The main difference between the wired world and the wireless world?besides the lack of wires?is the signals being transmitted in the air. All the assumptions made in the wired world (resilience against casual eavesdropping, the signals being confined to a wire, and the ability to curtail LAN connections to a physical jack in the wall) are invalid. In the wired world, a connection can be detected, but in the wireless world, anyone can listen and capture packets (actually not anybody, but clients in the coverage area) without a trace?in other words, undetectable passive sniffing.


In WEP, the packets are encrypted so that listeners cannot make sense of the garbled bits; this achieves the confidentiality equivalent of the wired environment. Moreover, entities are authenticated before they are allowed to join the network and get the keys to decrypt the information. In a way, this gives the equivalency of a "wall jack."

Note

The first version of WEP is the mobility-as-an-exception-to-static-networks view. Actually, as you will see in Chapter 7, "EAP Authentication Protocols for WLANs," and Chapter 8, "WLAN Encryption and Data Integrity Protocols," by applying 802.11i and 802.1x paradigms, the standards consider the mobility natively by treating wireless in its own right and enhance the security, management, and control. Also note that the standardization work is still in progress and has a long way to go before becoming truly mobile.


WEP Processing Model

The 802.11 specification details the WEP processing model, as shown in Figure 5-4. The following sections look at each part of the diagram.

Figure 5-4. WEP Processing Model


RC4 Algorithm

The encryption algorithm used by WEP is the RC4. RC4 is a symmetric algorithm (it uses the same key for encryption and decryption) and is a stream cipher. (The key is a stream that is operated against the plaintext to produce the cipher text.)

Note

A stream cipher can encipher various sizes of data, as opposed to a block cipher, which is constrained to a fixed block size.
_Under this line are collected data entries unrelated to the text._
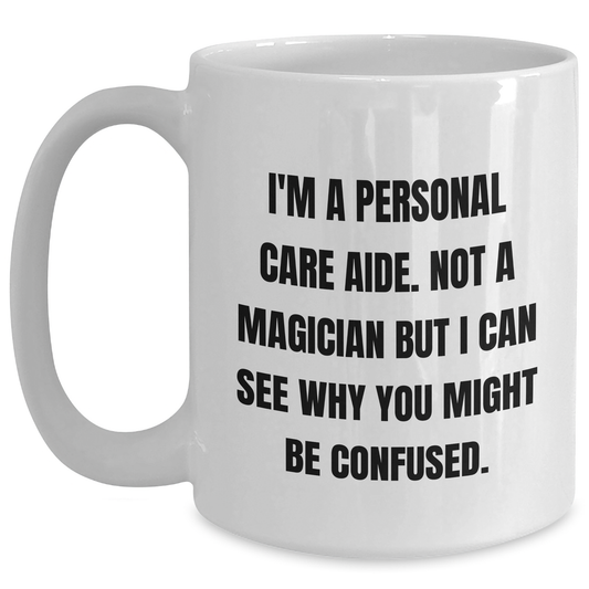 Funny Personal Care Aide Gifts - I'm A Personal Care Aide. Not A Magician But I Can See Why You Might Be Confused. - Gifts from Family to Personal Care Aide Men - Black Coffee Mug
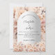 Eine moderne, stilvolle und romantische Einladung für eine Hochzeit. Ein silber aussehender Bogenrahmen aus Imitaten, der mit sanften, in Rose goldfarbenen Blume geschmückt ist. Personalisieren und fügen Sie Ihre Namen und die Details.
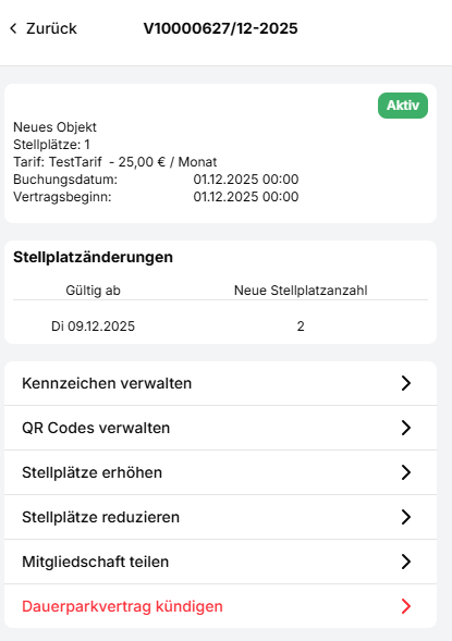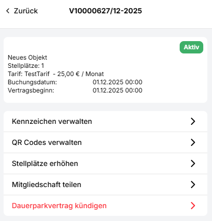3. Der Status des Vertrags ändert sich von "Aktiv" auf "Gekündigt", sobald Ihr Parkhausbetreiber die Kündigung akzeptiert hat.
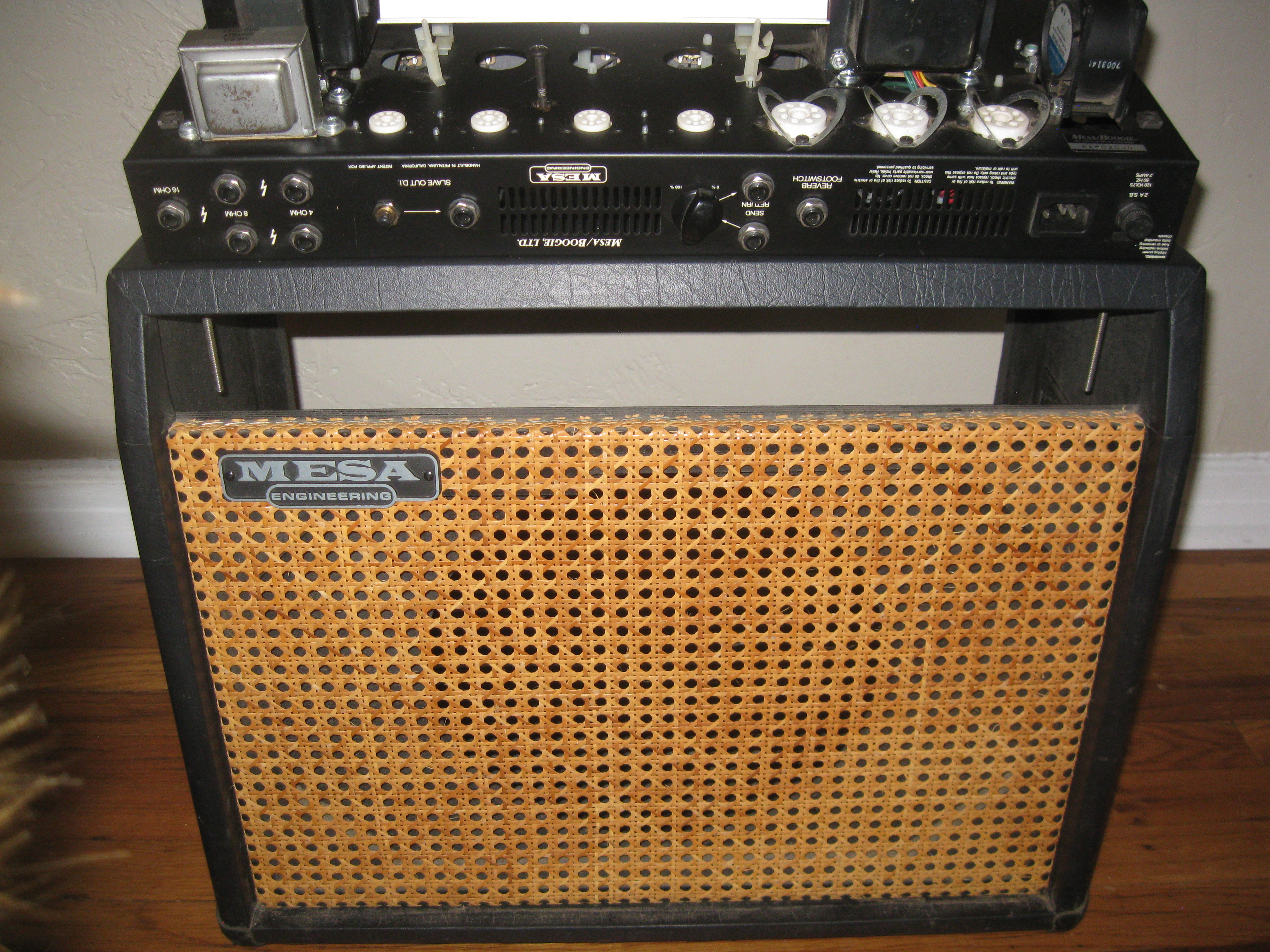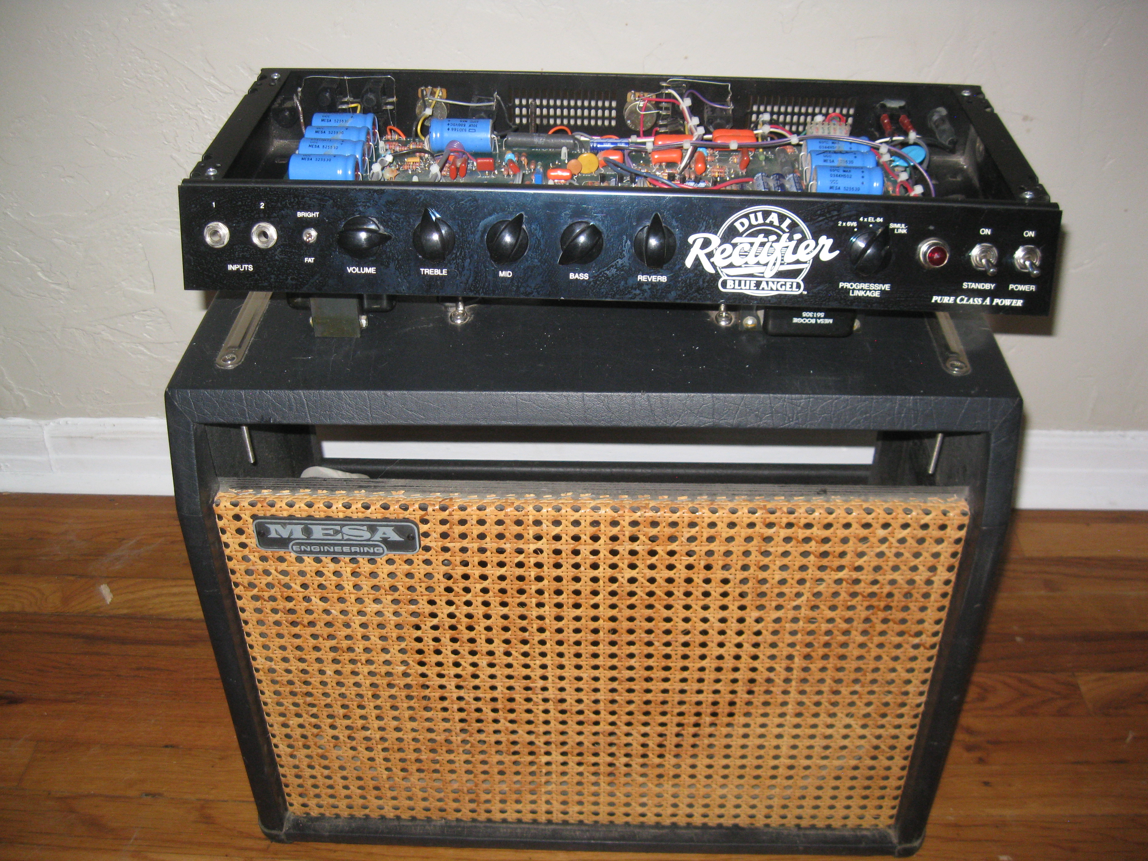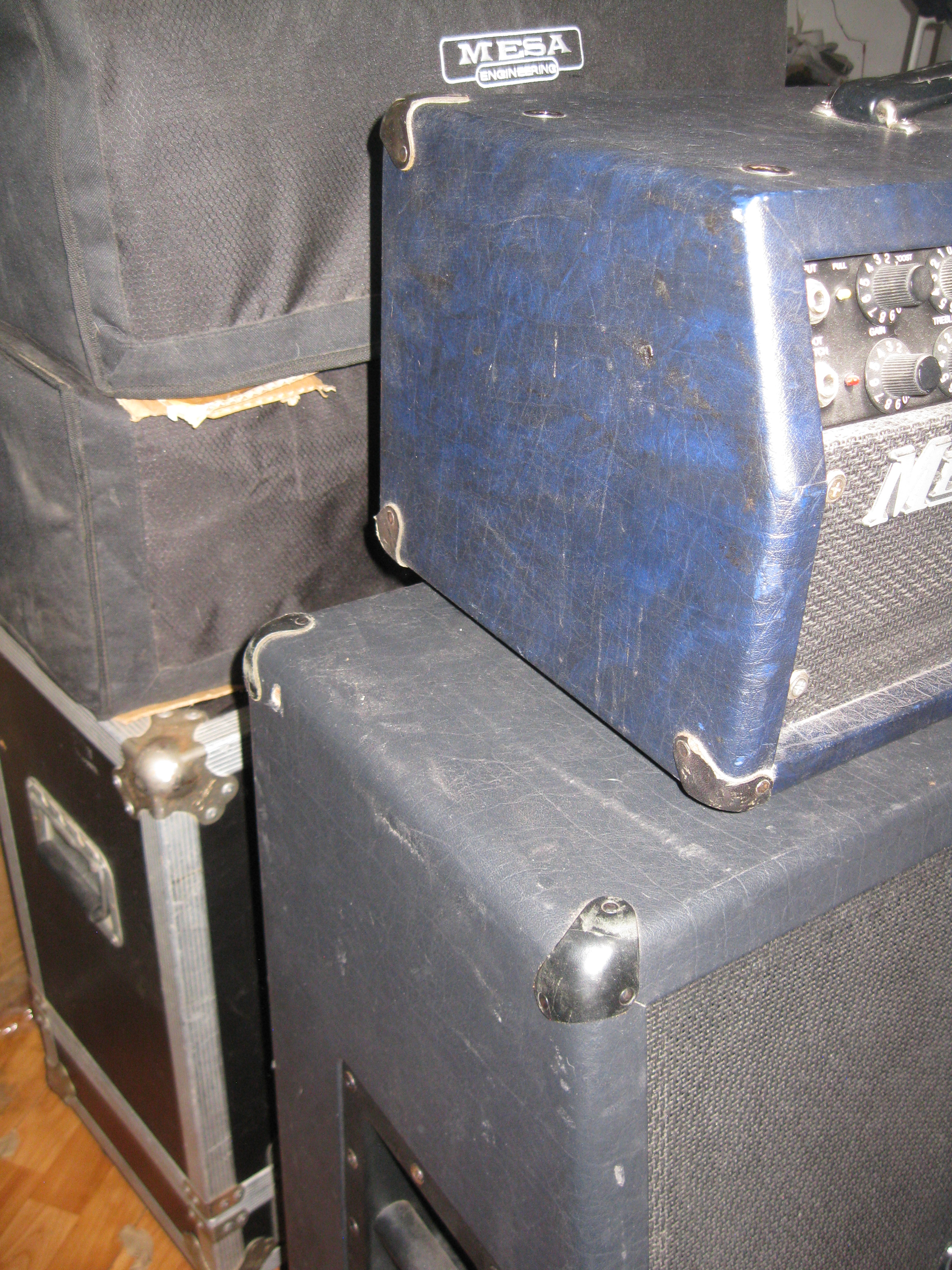 I was lucky enough to find a DC-3 "full stack" blue from a seller and former gc worker in the Chicago area back in the day when you could find mesa's in the store. Yeah, yeah, I know but it's gibson that put them back in. I was unlucky enough that the head cab was treated just as you would expect a shipper to treat it and it came down with "top left crack thru the dove tail" syndrome. I later picked up a DC-5 blue head locally but it too is cracked.. If anyone has some blue head shells in a closet please let me know. Or if anyone runs a tolex business I'll take a custom roll!

RC4 has two phases: key stream generation and encryption. Key stream generation is a set of state machine and mixing operations that result in a pseudorandom stream of bits. The key setup takes a seed, which is the key as referred to outside the RC4 machine. After the state table is initialized, the values are used to generate a key stream. The fundamental encryption operation really is an XOR of the plaintext with the generated key stream.

Note

RC4 has an interesting history. It was invented in 1987 by Ron Rivest of RSA Security Inc. and was never published. It was a trade secret until 1994, when a program to encrypt and decrypt using RC4 was anonymously published in the cyberpunks mailer?the only public documentation. RSA still holds the trademark on the name RC4 (not on the algorithm), so one needs to license it to use the name RC4 in products. Some people call it ARCFOUR and try to circumvent this, but the legality is questionable.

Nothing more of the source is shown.